** Opening DATASET EXTRACT block **

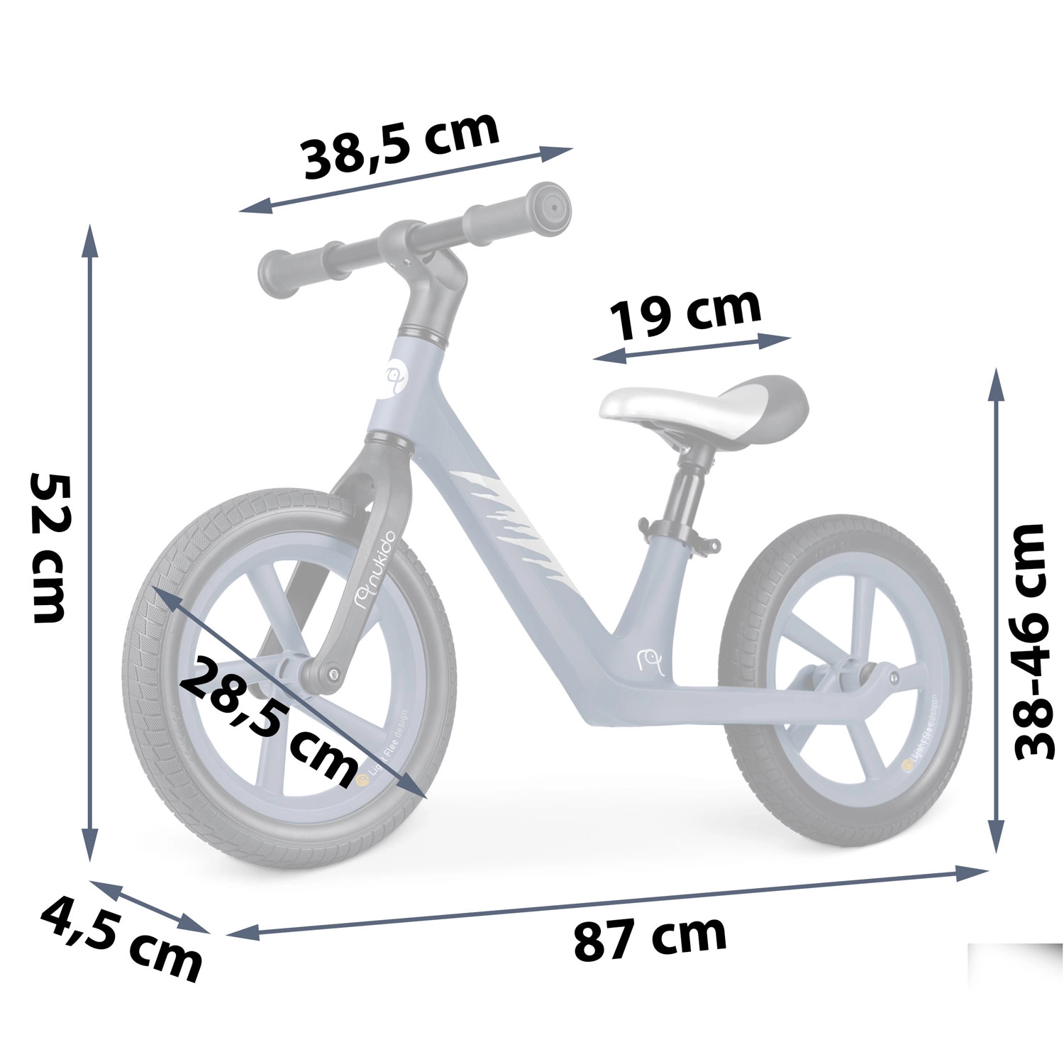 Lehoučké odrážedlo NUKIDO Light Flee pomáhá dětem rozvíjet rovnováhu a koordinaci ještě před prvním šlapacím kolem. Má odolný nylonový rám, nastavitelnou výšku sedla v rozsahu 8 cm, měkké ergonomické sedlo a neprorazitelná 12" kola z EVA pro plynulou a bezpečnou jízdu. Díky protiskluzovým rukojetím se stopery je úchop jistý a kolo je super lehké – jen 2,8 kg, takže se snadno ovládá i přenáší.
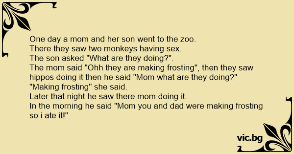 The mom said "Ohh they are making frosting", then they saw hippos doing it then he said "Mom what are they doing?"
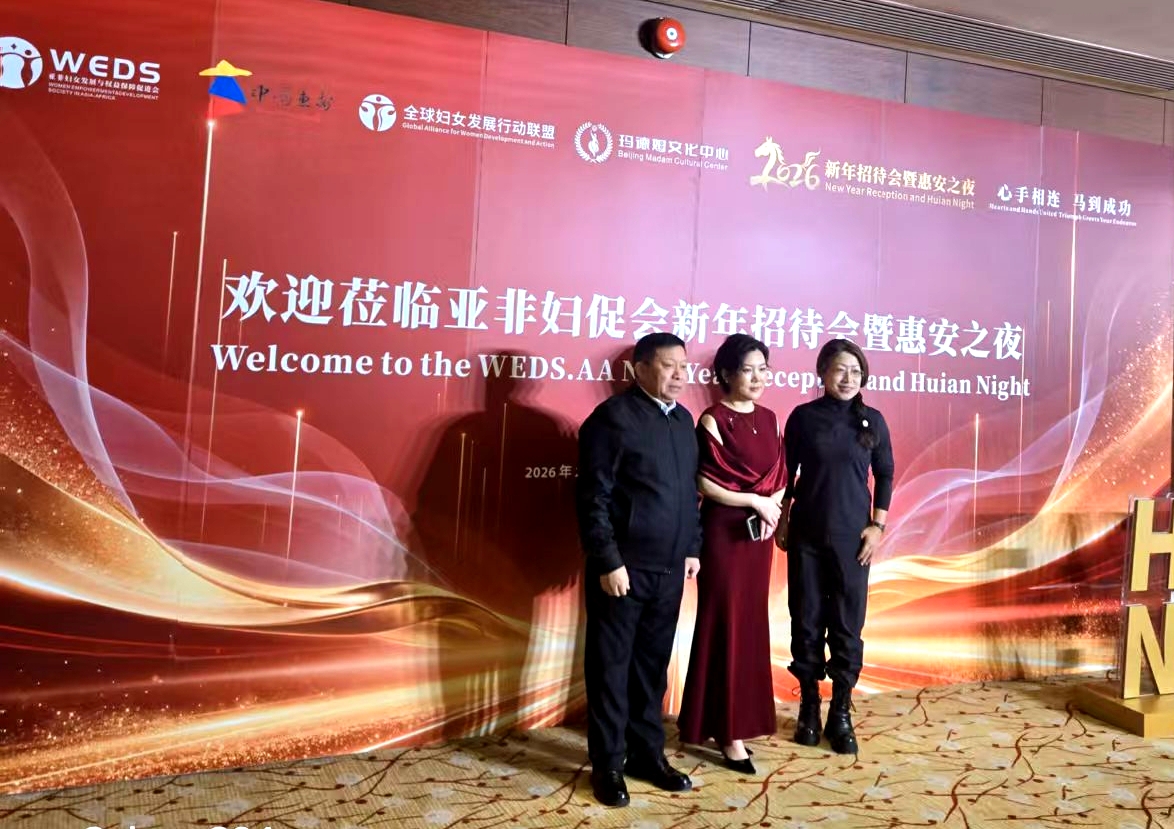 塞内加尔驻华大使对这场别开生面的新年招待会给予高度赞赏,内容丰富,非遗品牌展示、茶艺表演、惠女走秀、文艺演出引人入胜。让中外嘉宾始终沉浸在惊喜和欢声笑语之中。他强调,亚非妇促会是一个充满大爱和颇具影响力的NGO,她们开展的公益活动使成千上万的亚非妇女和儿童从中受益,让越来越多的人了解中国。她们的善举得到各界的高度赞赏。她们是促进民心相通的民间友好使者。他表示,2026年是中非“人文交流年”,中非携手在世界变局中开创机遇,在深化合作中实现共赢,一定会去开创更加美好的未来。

** Closing DATASET EXTRACT block **
** Opening DATASET EXTRACT block **

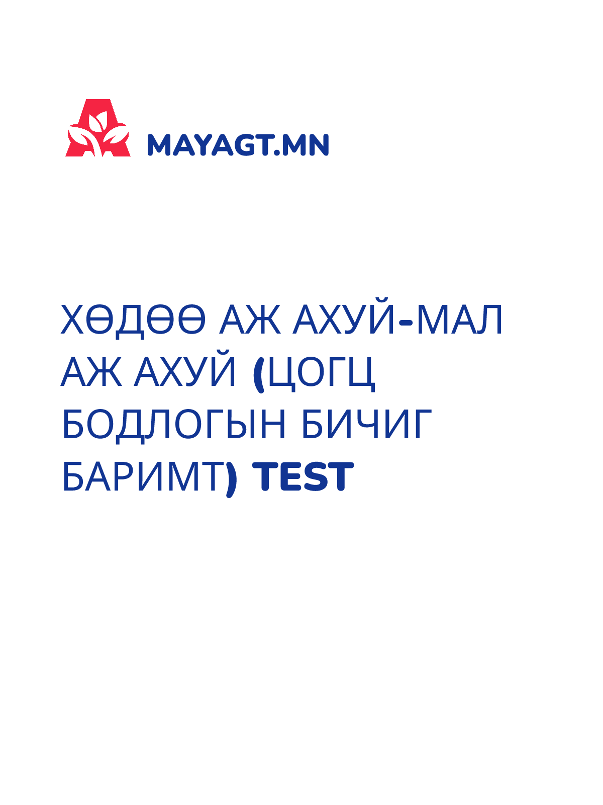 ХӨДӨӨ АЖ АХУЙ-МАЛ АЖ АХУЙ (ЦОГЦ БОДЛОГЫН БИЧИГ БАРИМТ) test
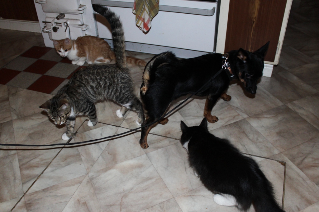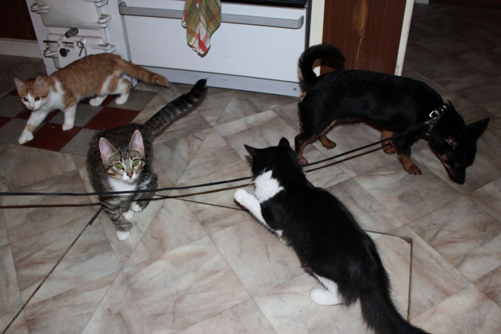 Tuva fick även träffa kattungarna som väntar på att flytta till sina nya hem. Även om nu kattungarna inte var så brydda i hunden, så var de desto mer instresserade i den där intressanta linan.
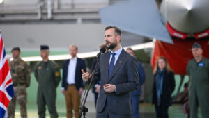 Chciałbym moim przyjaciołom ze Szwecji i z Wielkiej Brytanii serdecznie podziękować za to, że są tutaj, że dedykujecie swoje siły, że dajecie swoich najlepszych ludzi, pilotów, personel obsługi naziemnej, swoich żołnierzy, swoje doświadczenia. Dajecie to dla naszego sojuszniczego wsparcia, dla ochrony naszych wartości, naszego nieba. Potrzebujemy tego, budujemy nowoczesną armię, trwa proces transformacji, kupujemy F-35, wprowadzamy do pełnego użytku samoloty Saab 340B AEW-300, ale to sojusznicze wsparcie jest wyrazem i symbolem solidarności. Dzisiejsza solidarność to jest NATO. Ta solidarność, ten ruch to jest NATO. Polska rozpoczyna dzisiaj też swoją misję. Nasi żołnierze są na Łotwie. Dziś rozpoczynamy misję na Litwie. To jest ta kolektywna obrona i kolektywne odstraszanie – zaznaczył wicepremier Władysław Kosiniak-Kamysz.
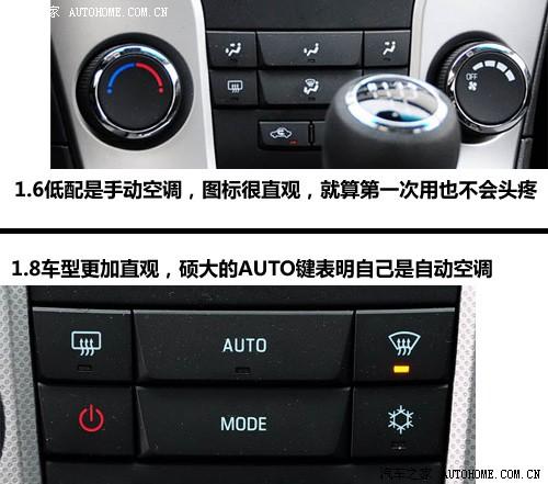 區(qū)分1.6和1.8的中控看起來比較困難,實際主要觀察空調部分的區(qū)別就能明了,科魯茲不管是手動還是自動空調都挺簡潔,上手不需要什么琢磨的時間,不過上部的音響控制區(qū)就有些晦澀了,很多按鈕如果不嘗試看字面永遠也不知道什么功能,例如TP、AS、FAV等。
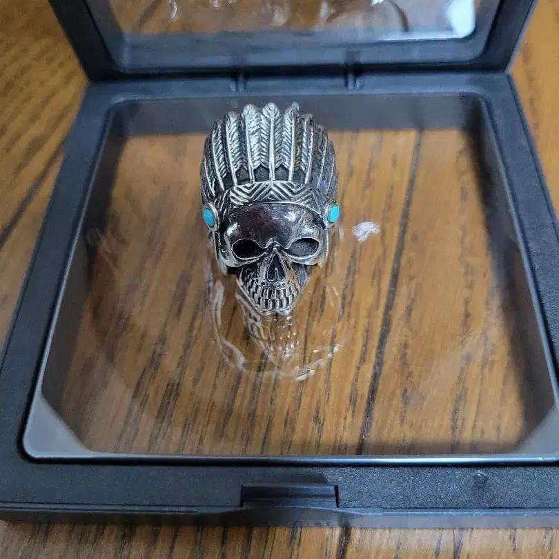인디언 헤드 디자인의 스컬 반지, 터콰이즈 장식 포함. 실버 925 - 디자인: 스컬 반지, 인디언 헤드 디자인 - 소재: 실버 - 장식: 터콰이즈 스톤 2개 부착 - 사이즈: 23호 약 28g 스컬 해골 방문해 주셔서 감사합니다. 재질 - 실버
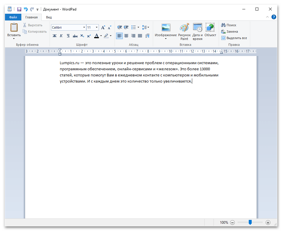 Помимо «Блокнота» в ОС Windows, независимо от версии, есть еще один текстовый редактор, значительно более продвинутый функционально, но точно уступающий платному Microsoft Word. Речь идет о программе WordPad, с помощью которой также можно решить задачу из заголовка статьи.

** Closing DATASET EXTRACT block **

▶ _TASK DIRECTIONS_
Transcribe, from the material above, the stretch starting at the line with "Lehoučké odrážedlo NUKIDO" and ending at the line with "塞内加尔驻华大使对这场别开生", both included, exactly. Do not carry over pictures.

▶ _RESULT FOR THIS TASK_
 Lehoučké odrážedlo NUKIDO Light Flee pomáhá dětem rozvíjet rovnováhu a koordinaci ještě před prvním šlapacím kolem. Má odolný nylonový rám, nastavitelnou výšku sedla v rozsahu 8 cm, měkké ergonomické sedlo a neprorazitelná 12" kola z EVA pro plynulou a bezpečnou jízdu. Díky protiskluzovým rukojetím se stopery je úchop jistý a kolo je super lehké – jen 2,8 kg, takže se snadno ovládá i přenáší.
 The mom said "Ohh they are making frosting", then they saw hippos doing it then he said "Mom what are they doing?"
 塞内加尔驻华大使对这场别开生面的新年招待会给予高度赞赏,内容丰富,非遗品牌展示、茶艺表演、惠女走秀、文艺演出引人入胜。让中外嘉宾始终沉浸在惊喜和欢声笑语之中。他强调,亚非妇促会是一个充满大爱和颇具影响力的NGO,她们开展的公益活动使成千上万的亚非妇女和儿童从中受益,让越来越多的人了解中国。她们的善举得到各界的高度赞赏。她们是促进民心相通的民间友好使者。他表示,2026年是中非“人文交流年”,中非携手在世界变局中开创机遇,在深化合作中实现共赢,一定会去开创更加美好的未来。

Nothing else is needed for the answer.